Nuclear power has been strongly advocated, especially by past and present personages of our atomic energy establishment, for base load power stations. Unfortunately, there has been tremendous cost and time overruns in the past in establishing nuclear power stations in the country. Against a goal of putting up 10,000 MWe of nuclear power capacity by the year 2000, only 2770 MWe had been installed. The Nuclear Power Corporation of India Ltd. has very ambitious plans to install 20,000 MWe of nuclear power generation capacity by 2020 but, if past performance is any guide, this is a pipe dream.

Also, despite the fact that nuclear power stations have very low polluting emissions compared to fossil fuel power stations, there is a groundswell of public opinion against nuclear power due to radiation hazard fears.

Fuel cells (devices that convert chemical energy to electrical energy) show a lot of promise as an alternative to petro-fuels for transport applications. The fuel is a hydrocarbon like methanol or hydrogen itself.

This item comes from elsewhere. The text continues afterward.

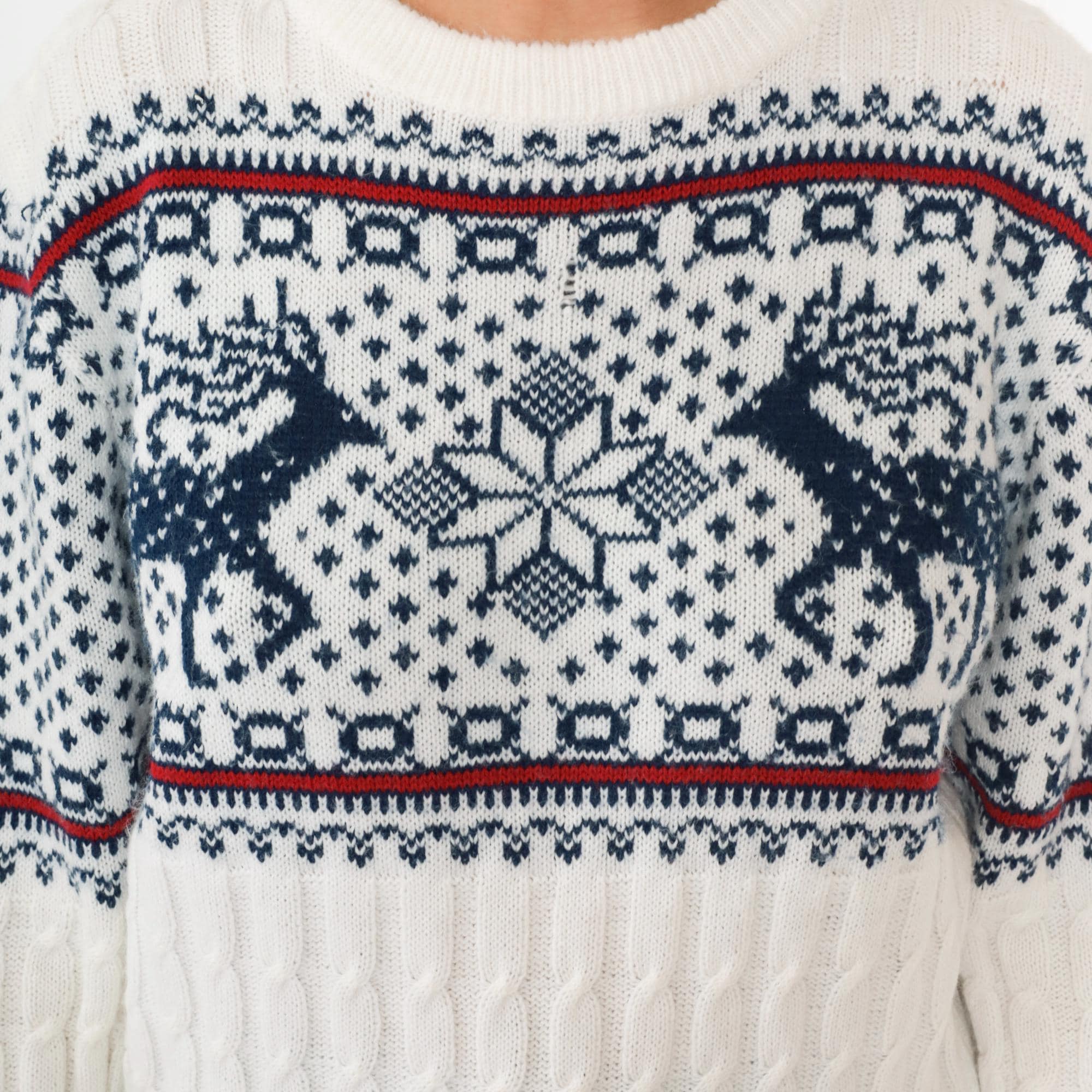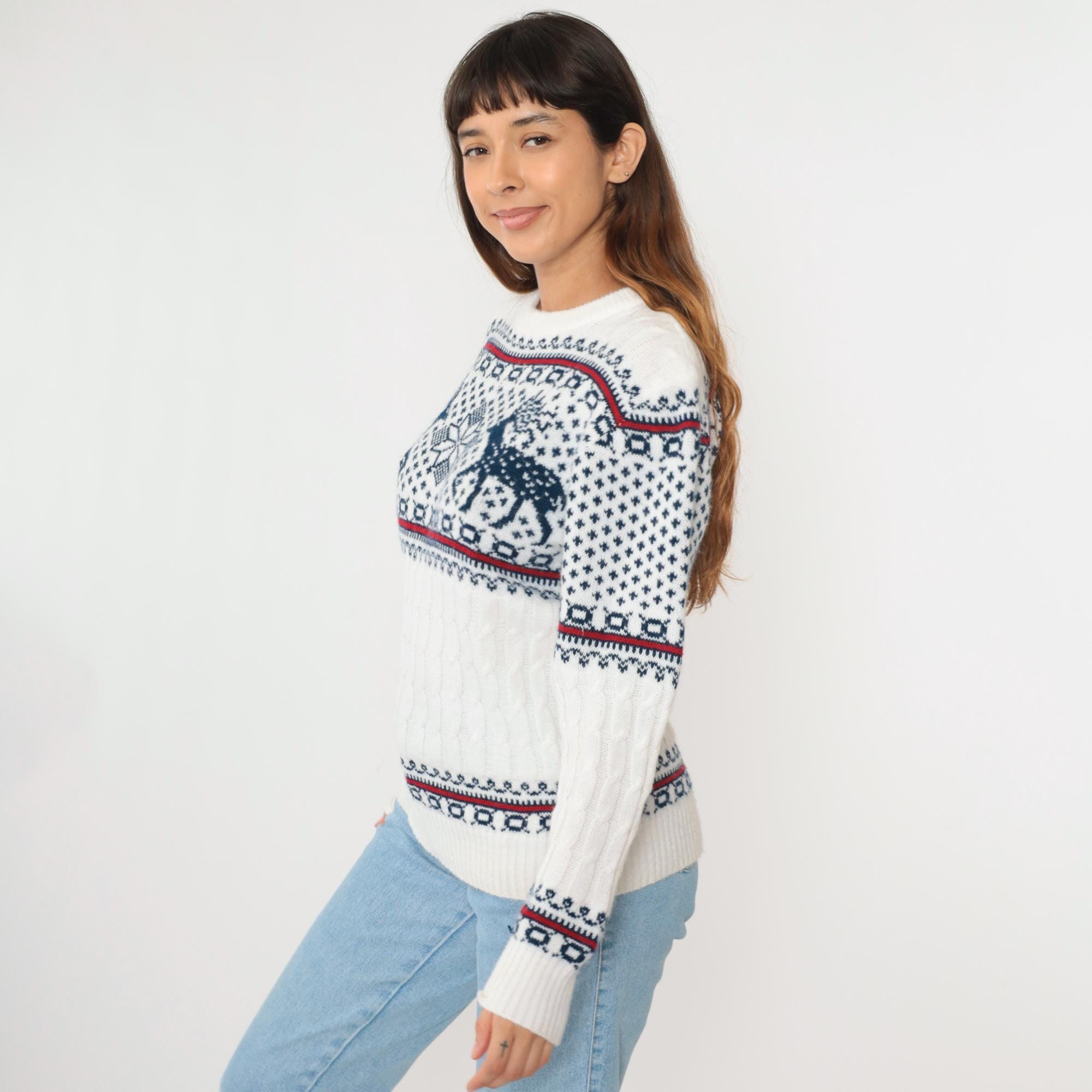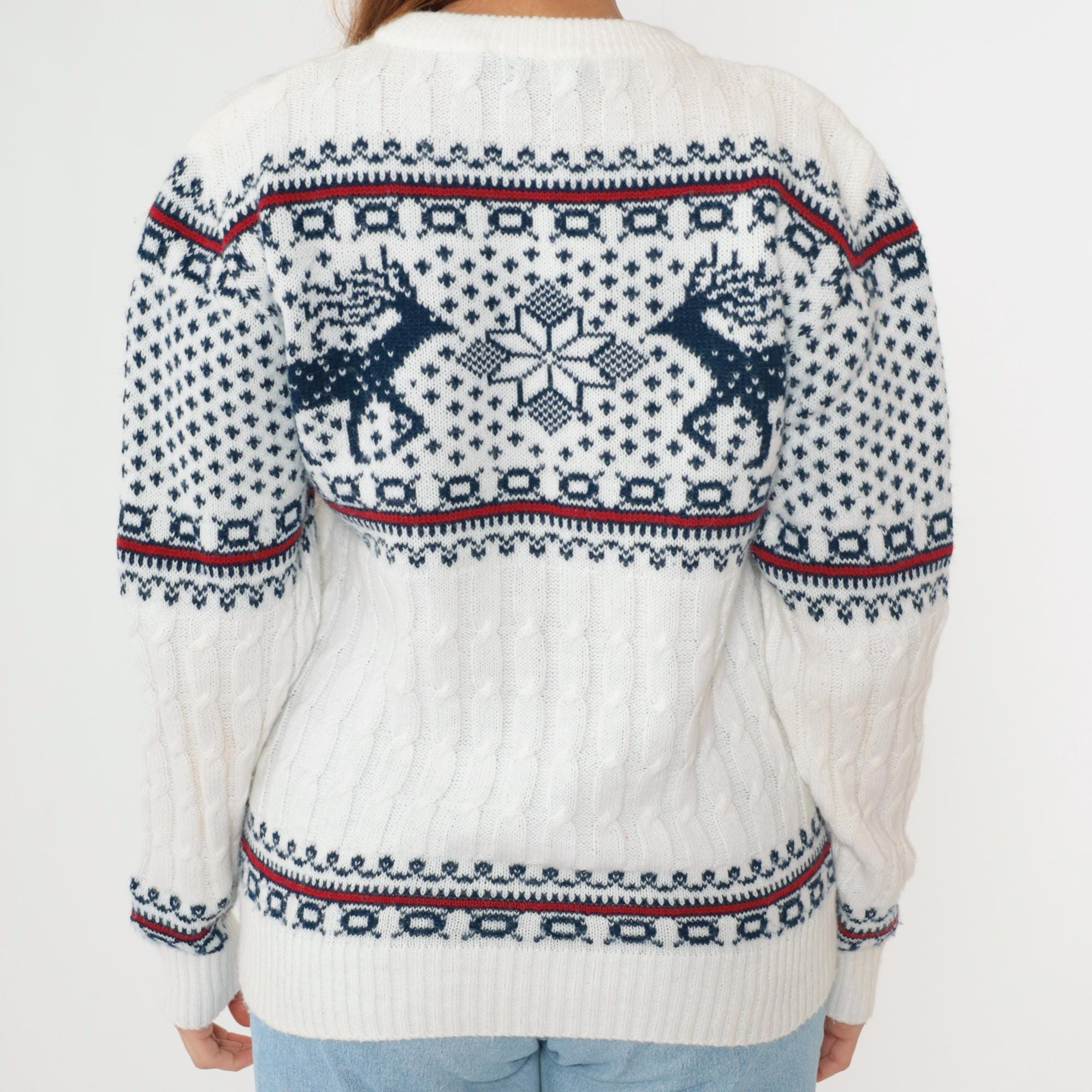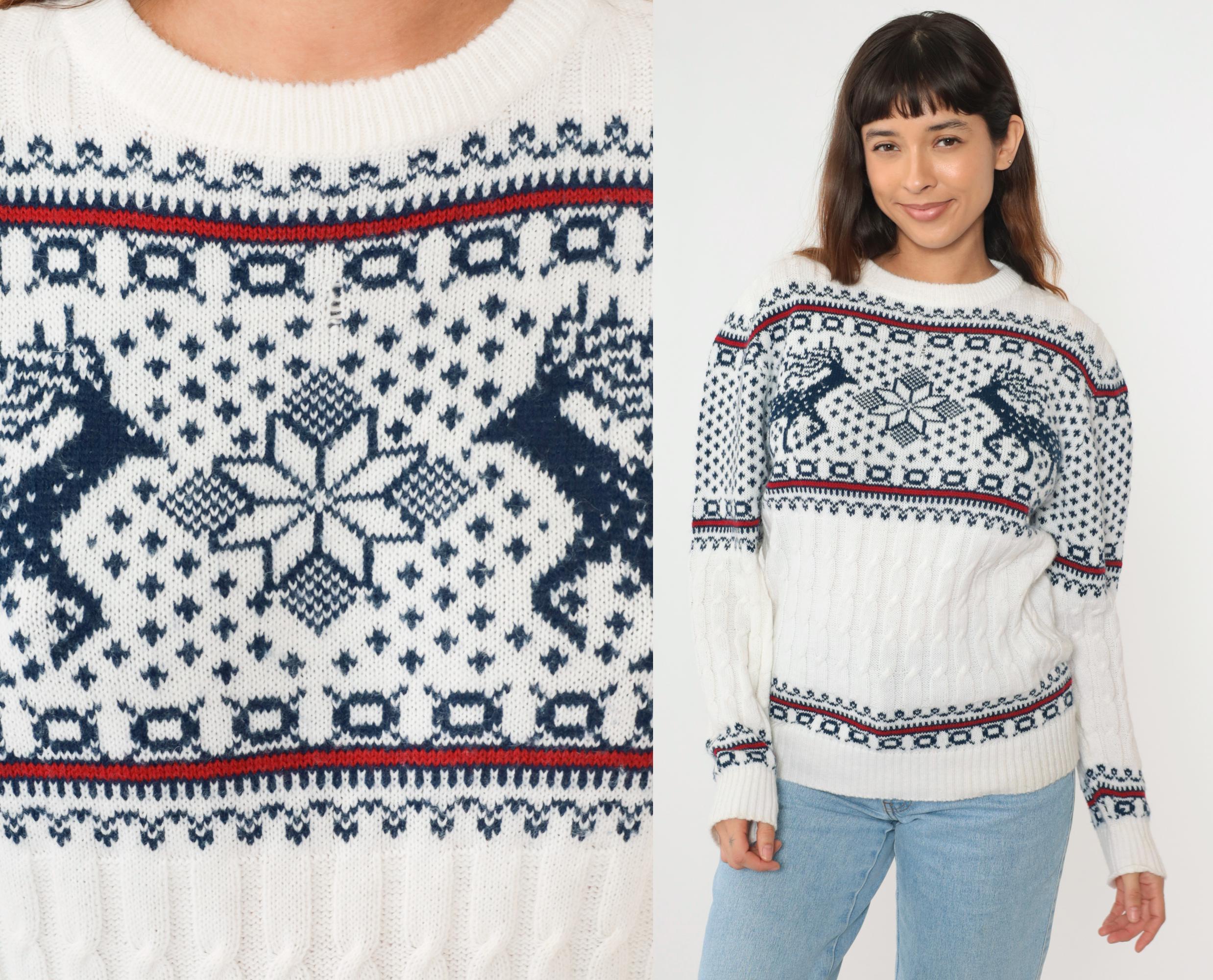 Vintage 80s sweater with a Fair Isle deer and snowflake design. Slouchy fit with a crewneck.

However, due to complexity of design and high cost of materials used, such as platinum catalysts, the estimated cost of existing PEM (Proton Exchange Membrane) fuel cells is $1,500-$3,000 per kW. In comparison, a conventional automotive internal combustion engine costs $50-$100 per kW.

The current Bush regime in the U.S. is laying its bets on hydrogen as the fuel of the future. However, due to its very low density and very high volatility, hydrogen presents a number of technological problems with respect to storage, transport and use. Moreover, there is still no low energy way of extracting it from its most abundant source - water.

In sum, for the short and medium term extending to the next 20 years, India’s salvation from the oil crisis lies in further exploiting its coal deposits using clean coal technology, quickly enlarging the Railway electrification programme and popularising biodiesel.